■ What to produce
Go to the line holding "Négy praliné változat" in the data below and repeat it exactly, then each line after it up to and including the one holding "봉천동 CO-OP RESIDENCE/서울대입구". Omit pictures.

■ Records to process
• • • • •
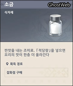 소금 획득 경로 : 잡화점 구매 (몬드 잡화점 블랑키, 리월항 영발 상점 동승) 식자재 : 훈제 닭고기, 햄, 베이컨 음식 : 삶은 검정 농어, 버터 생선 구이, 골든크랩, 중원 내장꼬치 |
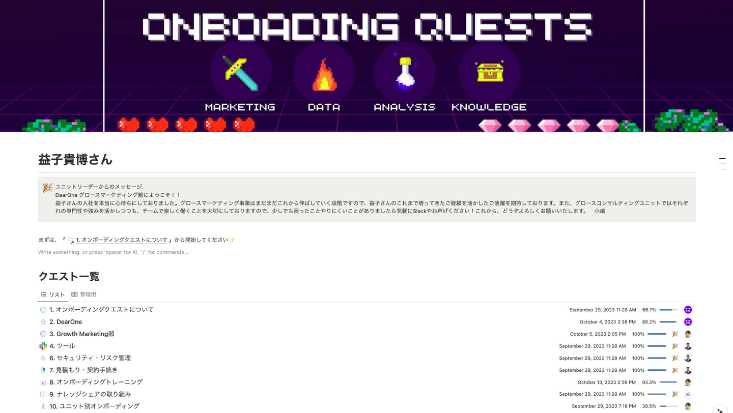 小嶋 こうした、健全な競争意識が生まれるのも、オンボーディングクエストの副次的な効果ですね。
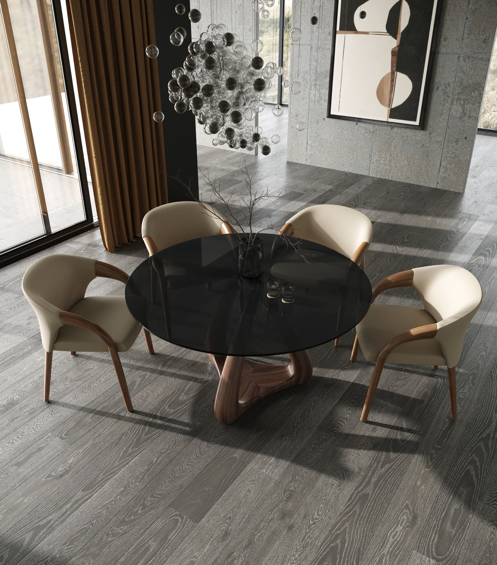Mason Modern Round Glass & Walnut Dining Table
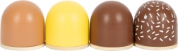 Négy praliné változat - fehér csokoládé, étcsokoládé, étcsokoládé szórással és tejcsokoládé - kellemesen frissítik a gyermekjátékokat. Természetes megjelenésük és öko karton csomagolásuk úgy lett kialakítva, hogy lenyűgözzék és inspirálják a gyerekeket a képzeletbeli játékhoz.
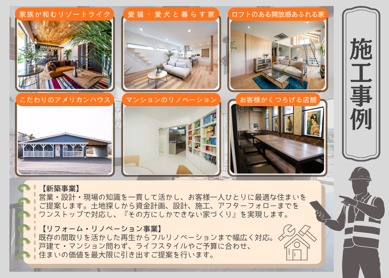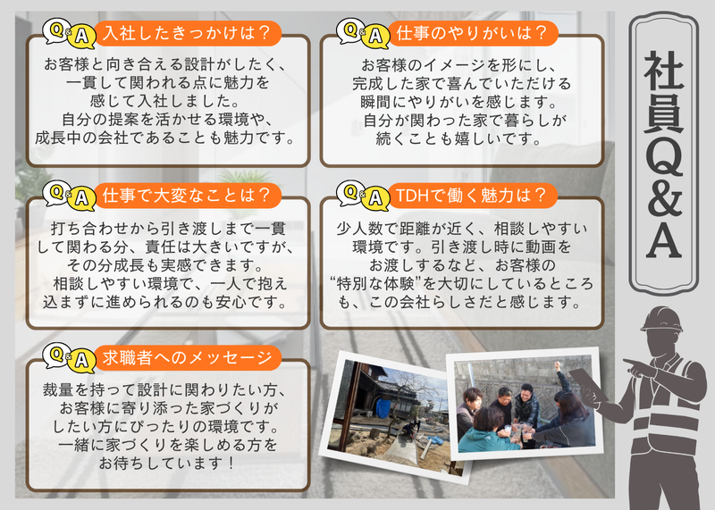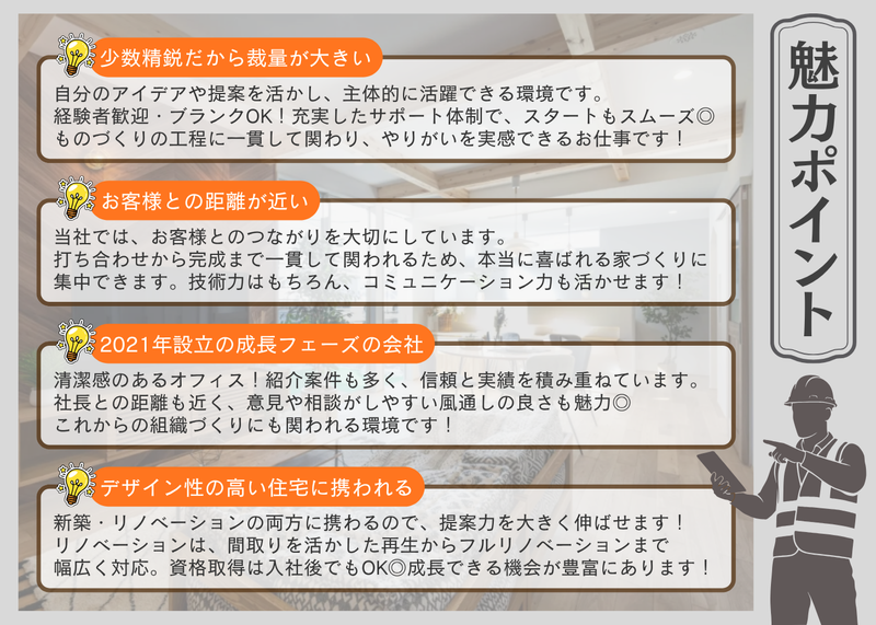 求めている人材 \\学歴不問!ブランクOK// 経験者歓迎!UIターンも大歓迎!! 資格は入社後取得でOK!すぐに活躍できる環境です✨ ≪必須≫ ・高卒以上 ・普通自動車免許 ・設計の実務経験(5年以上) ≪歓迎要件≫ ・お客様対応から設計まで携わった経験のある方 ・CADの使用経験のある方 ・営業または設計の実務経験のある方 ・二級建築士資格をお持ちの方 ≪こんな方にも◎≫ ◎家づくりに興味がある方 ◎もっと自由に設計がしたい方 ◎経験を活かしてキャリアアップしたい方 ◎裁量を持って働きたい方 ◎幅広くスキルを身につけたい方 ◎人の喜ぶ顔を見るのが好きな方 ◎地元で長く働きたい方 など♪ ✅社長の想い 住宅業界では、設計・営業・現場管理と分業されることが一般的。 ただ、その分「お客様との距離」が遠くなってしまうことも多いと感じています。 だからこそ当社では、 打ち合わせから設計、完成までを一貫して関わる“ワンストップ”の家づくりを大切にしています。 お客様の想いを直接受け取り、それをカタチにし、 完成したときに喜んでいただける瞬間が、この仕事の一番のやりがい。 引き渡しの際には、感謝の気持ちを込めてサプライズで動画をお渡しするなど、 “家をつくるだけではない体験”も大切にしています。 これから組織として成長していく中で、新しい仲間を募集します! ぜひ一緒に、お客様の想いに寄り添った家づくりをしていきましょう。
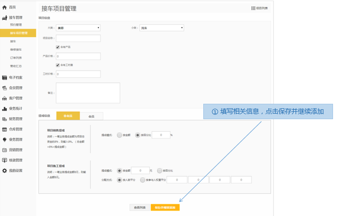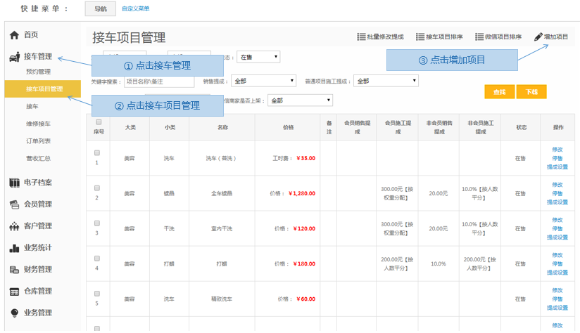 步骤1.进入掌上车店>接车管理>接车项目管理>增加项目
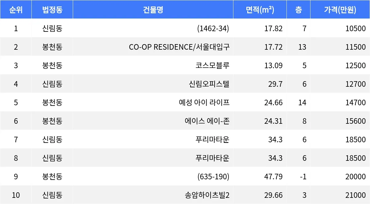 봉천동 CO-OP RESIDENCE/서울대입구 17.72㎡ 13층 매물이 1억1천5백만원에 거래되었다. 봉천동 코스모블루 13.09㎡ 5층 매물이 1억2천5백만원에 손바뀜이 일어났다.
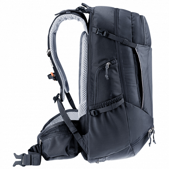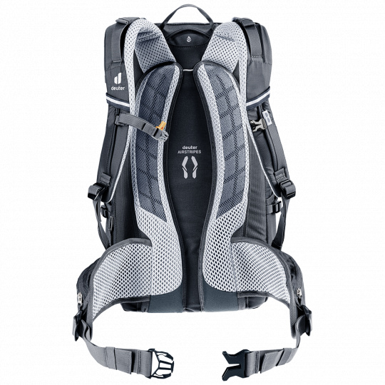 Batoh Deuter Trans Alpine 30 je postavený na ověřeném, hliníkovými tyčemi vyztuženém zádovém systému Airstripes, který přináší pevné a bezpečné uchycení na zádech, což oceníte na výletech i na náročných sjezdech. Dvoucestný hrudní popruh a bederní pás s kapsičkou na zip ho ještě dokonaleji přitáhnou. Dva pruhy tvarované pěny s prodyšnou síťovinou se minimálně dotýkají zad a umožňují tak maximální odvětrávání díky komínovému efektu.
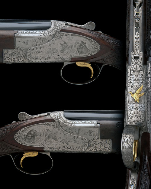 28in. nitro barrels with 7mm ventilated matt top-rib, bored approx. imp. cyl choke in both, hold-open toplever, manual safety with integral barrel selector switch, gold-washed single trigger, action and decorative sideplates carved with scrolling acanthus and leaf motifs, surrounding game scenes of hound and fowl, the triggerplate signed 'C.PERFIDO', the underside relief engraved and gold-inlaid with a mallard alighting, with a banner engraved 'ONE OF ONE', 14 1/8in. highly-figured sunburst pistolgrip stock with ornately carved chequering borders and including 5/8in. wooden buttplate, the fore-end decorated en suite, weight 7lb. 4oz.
• • • • •
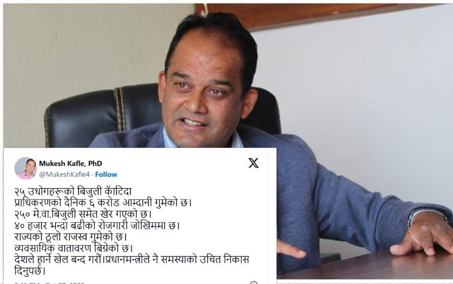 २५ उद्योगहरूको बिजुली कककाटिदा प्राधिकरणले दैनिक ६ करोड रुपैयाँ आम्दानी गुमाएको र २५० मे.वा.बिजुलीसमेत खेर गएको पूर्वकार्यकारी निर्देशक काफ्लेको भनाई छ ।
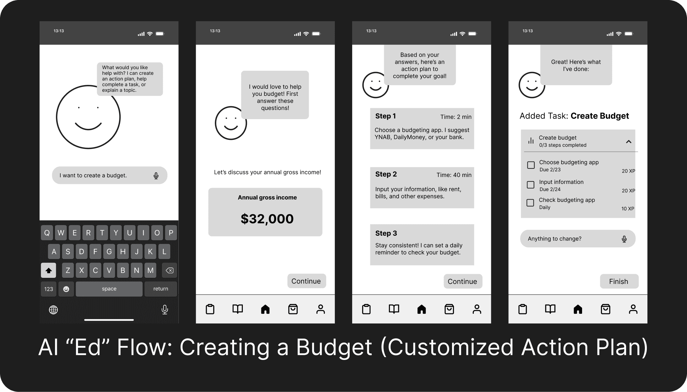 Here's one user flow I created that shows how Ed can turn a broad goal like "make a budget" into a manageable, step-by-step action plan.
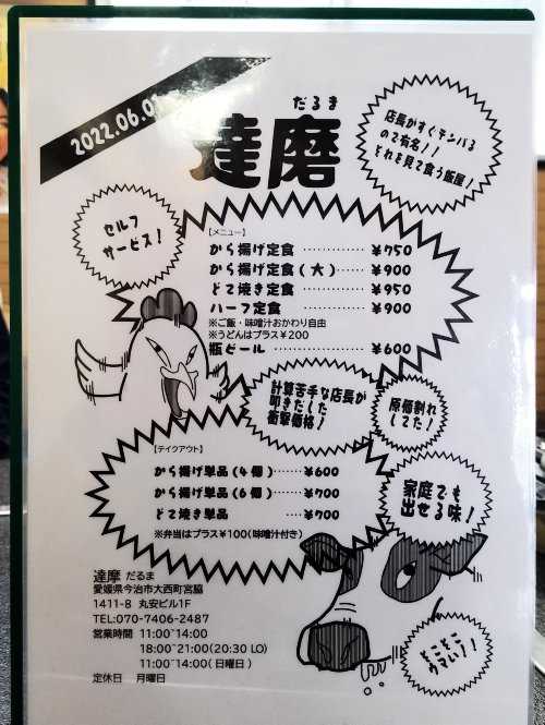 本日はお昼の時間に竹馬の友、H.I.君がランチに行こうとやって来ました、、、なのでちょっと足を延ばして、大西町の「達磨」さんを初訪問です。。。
• • • • •
■ Answer below
 Négy praliné változat - fehér csokoládé, étcsokoládé, étcsokoládé szórással és tejcsokoládé - kellemesen frissítik a gyermekjátékokat. Természetes megjelenésük és öko karton csomagolásuk úgy lett kialakítva, hogy lenyűgözzék és inspirálják a gyerekeket a képzeletbeli játékhoz.
 求めている人材 \\学歴不問!ブランクOK// 経験者歓迎!UIターンも大歓迎!! 資格は入社後取得でOK!すぐに活躍できる環境です✨ ≪必須≫ ・高卒以上 ・普通自動車免許 ・設計の実務経験(5年以上) ≪歓迎要件≫ ・お客様対応から設計まで携わった経験のある方 ・CADの使用経験のある方 ・営業または設計の実務経験のある方 ・二級建築士資格をお持ちの方 ≪こんな方にも◎≫ ◎家づくりに興味がある方 ◎もっと自由に設計がしたい方 ◎経験を活かしてキャリアアップしたい方 ◎裁量を持って働きたい方 ◎幅広くスキルを身につけたい方 ◎人の喜ぶ顔を見るのが好きな方 ◎地元で長く働きたい方 など♪ ✅社長の想い 住宅業界では、設計・営業・現場管理と分業されることが一般的。 ただ、その分「お客様との距離」が遠くなってしまうことも多いと感じています。 だからこそ当社では、 打ち合わせから設計、完成までを一貫して関わる“ワンストップ”の家づくりを大切にしています。 お客様の想いを直接受け取り、それをカタチにし、 完成したときに喜んでいただける瞬間が、この仕事の一番のやりがい。 引き渡しの際には、感謝の気持ちを込めてサプライズで動画をお渡しするなど、 “家をつくるだけではない体験”も大切にしています。 これから組織として成長していく中で、新しい仲間を募集します! ぜひ一緒に、お客様の想いに寄り添った家づくりをしていきましょう。
 步骤1.进入掌上车店>接车管理>接车项目管理>增加项目
 봉천동 CO-OP RESIDENCE/서울대입구 17.72㎡ 13층 매물이 1억1천5백만원에 거래되었다. 봉천동 코스모블루 13.09㎡ 5층 매물이 1억2천5백만원에 손바뀜이 일어났다.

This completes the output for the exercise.